Огонь потихоньку угасал; дрема смежала веки наших путешественников, чему немало способствовал мерный шум моря, убаюкивающий как скрип колыбели. Они завернулись в одеяла, устроились на пружинных матрасах; и через несколько мгновений раздался разноголосый храп. Спали все, кроме Рахела, который охранял их покой, сидя на корточках возле жаровни. Сириец выждал немного, пока его спутники погрузились в первый глубокий сон, потом потихоньку подобрался к Эгисту, потряс за плечо и, видя, что тот открыл глаза, попросил его молчать и выйти вслед за ним из палатки. Царь в темноте нащупал свой длинный кинжал и кошелек с тремя монетами, спрятанный в трусах, а затем, последовав просьбе Рахела, тихонько вышел наружу. У выхода торговец зерном встретил его, встал на колени и поцеловал ему руку.
– Ты – царь Эгист, я сразу догадался, потому что однажды мне довелось видеть тебя на ипподроме. Меня же зовут Сириец Рахел; я служу в твоем Иностранном ведомстве и жду здесь в порту новостей о приезде Ореста.
Эгист рассказал Рахелу о цели их путешествия и попросил хранить тайну: никто и никогда не должен знать, что царь, из года в год ожидающий приезда Ореста, отлучился из, дворца и отправился в отпуск.
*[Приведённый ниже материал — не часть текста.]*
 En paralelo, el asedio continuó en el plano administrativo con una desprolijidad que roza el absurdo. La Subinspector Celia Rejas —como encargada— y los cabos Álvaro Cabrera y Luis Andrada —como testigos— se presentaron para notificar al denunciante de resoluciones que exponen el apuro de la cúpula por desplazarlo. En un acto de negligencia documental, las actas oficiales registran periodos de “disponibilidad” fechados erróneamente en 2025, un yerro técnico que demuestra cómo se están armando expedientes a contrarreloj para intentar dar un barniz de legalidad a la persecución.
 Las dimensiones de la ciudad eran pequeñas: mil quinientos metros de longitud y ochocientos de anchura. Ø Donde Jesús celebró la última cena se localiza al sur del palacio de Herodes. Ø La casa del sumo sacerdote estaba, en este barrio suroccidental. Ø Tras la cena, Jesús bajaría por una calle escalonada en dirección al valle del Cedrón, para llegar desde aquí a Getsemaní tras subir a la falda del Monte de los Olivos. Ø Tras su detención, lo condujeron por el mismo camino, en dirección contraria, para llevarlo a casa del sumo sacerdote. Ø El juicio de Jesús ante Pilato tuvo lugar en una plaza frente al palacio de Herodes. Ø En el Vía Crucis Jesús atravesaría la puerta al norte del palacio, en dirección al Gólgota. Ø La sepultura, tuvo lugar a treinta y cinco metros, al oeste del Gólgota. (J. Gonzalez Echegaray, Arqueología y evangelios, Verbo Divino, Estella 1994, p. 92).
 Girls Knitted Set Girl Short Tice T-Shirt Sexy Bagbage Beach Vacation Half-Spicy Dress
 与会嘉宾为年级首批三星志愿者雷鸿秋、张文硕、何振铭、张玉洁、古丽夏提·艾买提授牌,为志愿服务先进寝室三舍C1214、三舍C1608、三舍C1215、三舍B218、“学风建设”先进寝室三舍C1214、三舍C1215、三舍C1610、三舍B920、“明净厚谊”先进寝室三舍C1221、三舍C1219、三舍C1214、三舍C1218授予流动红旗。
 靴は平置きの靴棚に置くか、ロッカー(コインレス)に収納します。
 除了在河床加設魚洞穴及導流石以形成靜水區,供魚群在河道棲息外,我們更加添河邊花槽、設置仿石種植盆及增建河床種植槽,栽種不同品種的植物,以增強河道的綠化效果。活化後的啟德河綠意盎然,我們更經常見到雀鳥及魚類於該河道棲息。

– Я бы и сам не стал беспокоить тебя, господин мой, но мне приходится напомнить – вот уже сорок два месяца, как мне не платят ни гроша, а торговля зерном идет из рук вон плохо: с одной стороны – идет Война герцогств, с другой – приходится кормить всех беженцев, что, спасаясь от ее ужасов, собираются на полях Вадо-де-ла-Торре и живут за счет нашей милостивой доньи Инес. А еще я хочу предостеречь тебя, ибо такова моя служба, – будь осторожен с человеком, которого ты называешь своим интендантом; у меня, можно сказать, нюх на всякое притворство. Он не Орест, господин мой Эгист, но вполне может оказаться его слугой Флегелоном – искуснейшим шпионом твоего пасынка.
Услышав эти слова, Эгист рассмеялся, взял сирийца под руку и отошел с ним подальше от палатки. Они зашагали по песку, а царь все продолжал смеяться и крепко сжимать руку Рахела.
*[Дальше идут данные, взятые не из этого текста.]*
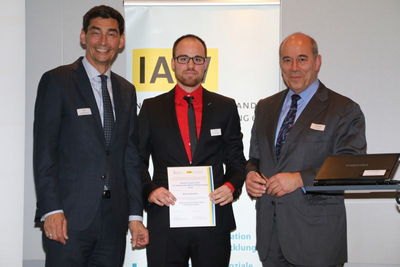 Mr Pascal Sturm was awarded for his Master's thesis ‘Business Cycle, Uncertainty and Sentiment Effects on Asset Prices - An Econometric Analysis’ with Professor Dr Joachim Grammig, University of Tübingen, Chair of Statistics, Econometrics and Empirical Economic Research at the Faculty of Business, Economics and Social Sciences.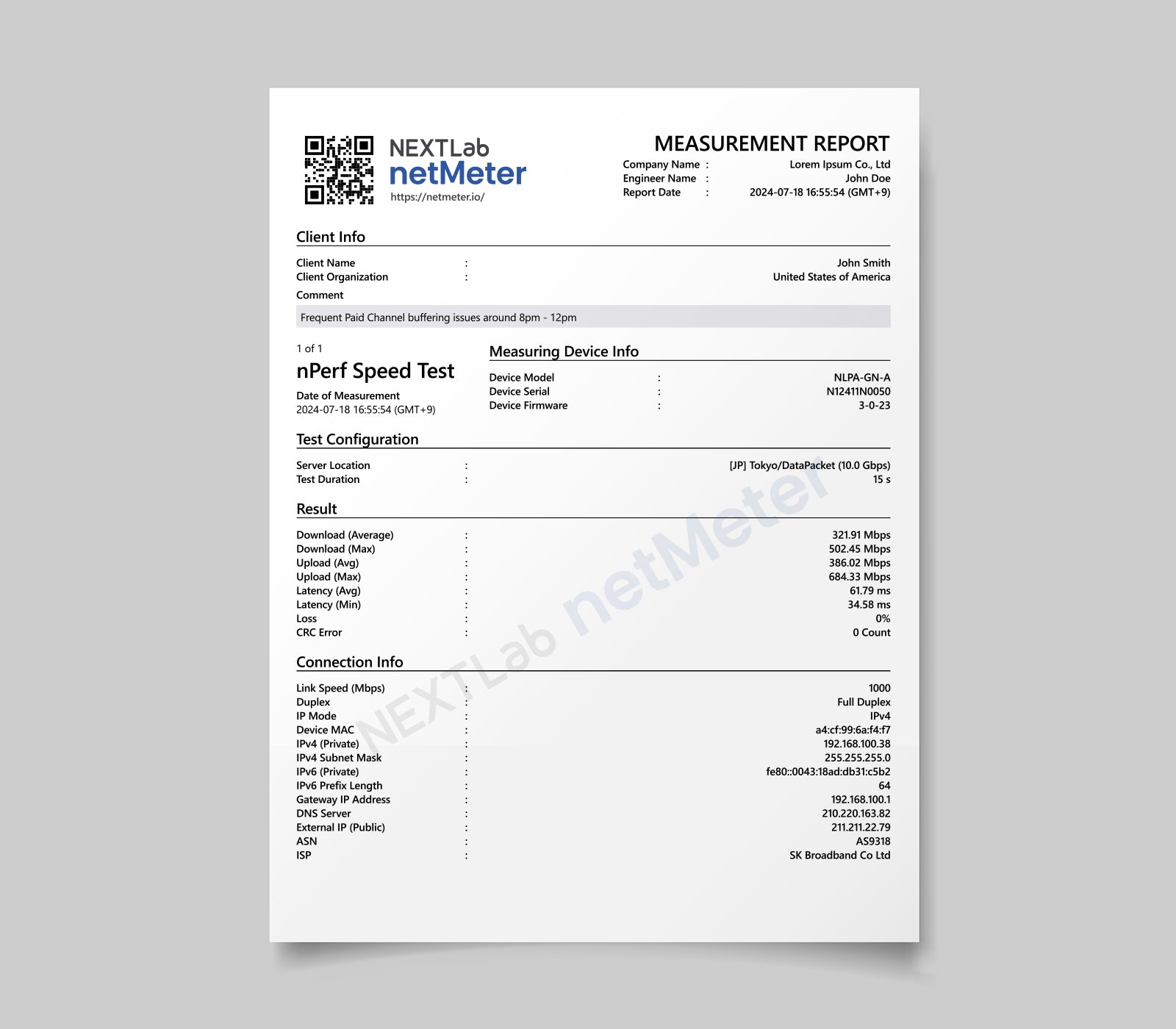 Powered by nPerf, netMeter allows users to conduct reliable TCP Throughput Tests from anywhere in the world, leveraging over 2,000 nPerf Speed Test servers globally. Users can perform tests with a maximum throughput of 1Gbps in both directions, either automatically selecting the nearest server or manually choosing servers from a desired country/location.

– Вот уж верно – у тебя нюх! Сейчас я расскажу, почему мой интендант скрывает свое истинное лицо, и ты поймешь причину, мешающую нам выплатить тебе долг, о чем я весьма сожалею, ибо ты, мне кажется, верный слуга. Моего настоящего интенданта, некоего Хасинто, вот уже лет пять тому назад хватил удар: у бедняги оказалась парализованной вся правая сторона, он потерял дар речи и с тех пор не встает с постели – несчастный, покрытый язвами, – и ожидает одной лишь смерти. Офицерскую форму ему купили незадолго до болезни, взяв его зарплату вперед. Я теперь не могу назначить нового интенданта – мне нечем платить ему и не на что купить другую одежду. У меня нет даже свободных денег на то, чтобы выкупить у жены Хасинто форму ее мужа, – вот такие мои царские дела! Эта самая жена паралитика придумала один выход: золовка больного приклеивает усы, надевает его костюм и выдает себя за мужчину. Тогда жалованье, вернее, надежда получить его в будущем остается в семье, а я получаю интенданта, без которого мне не обойтись, ибо инвентаризация – один из столпов стабильной монархии. Делать было нечего, и я согласился. Итак, Рахел, мой офицер – женщина, служившая раньше прачкой в детском приюте; там она научилась отлично считать верхнюю одежду и белье, отмечая каждую вещь крестиком или галочкой, а вовсе никакой не твой Флегелон, правая рука моего пасынка Ореста.